Failure to provide notice will result in the following actions:
First “No-Show”: Interpreter will wait for 10 minutes and then return to his/her office.
Second “No-Show”: A letter will be sent to the student informing the student that they have two “No-Shows”: In addition, the letter will remind the student of the policy and appropriate procedures.
Third “No-Show”: Services will automatically be temporarily suspended and a letter will sent to the student informing the student of the policy and the appropriate procedure. Services will remain suspended until the student makes an appointment and meets with the Director of Disability Resources to reinstate services.
For each subsequent “No-Show”: Services will automatically be suspended and a letter will be sent to the student informing the student of the policy and the appropriate procedures. The services will remain suspended until the student makes an appointment and meets with the Director of Disability Resources.

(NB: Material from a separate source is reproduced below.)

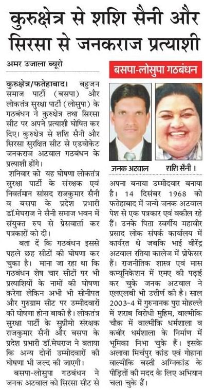 BSP-LSP गठबंधन ने सिरसा और कुरुक्षेत्र से उतारे ये सैनिक

Exception to the “No-Show Policy”: If three (3) or more “No-Shows” occur within the same two week period, services will automatically be temporarily suspended and a letter will be sent to the student informing the student of the policy and the appropriate procedures. The services will remain suspended until the student makes an appointment with the Director of Disability Resources.
Excessive absences: Even with advance notice, excessive absences are a problem for the student. Attendance in class is directly correlated to student success. If the student misses three classes in a given week, then he or she may find services suspended by the Director of Disability Resources, and a conference will be required to reinstate them.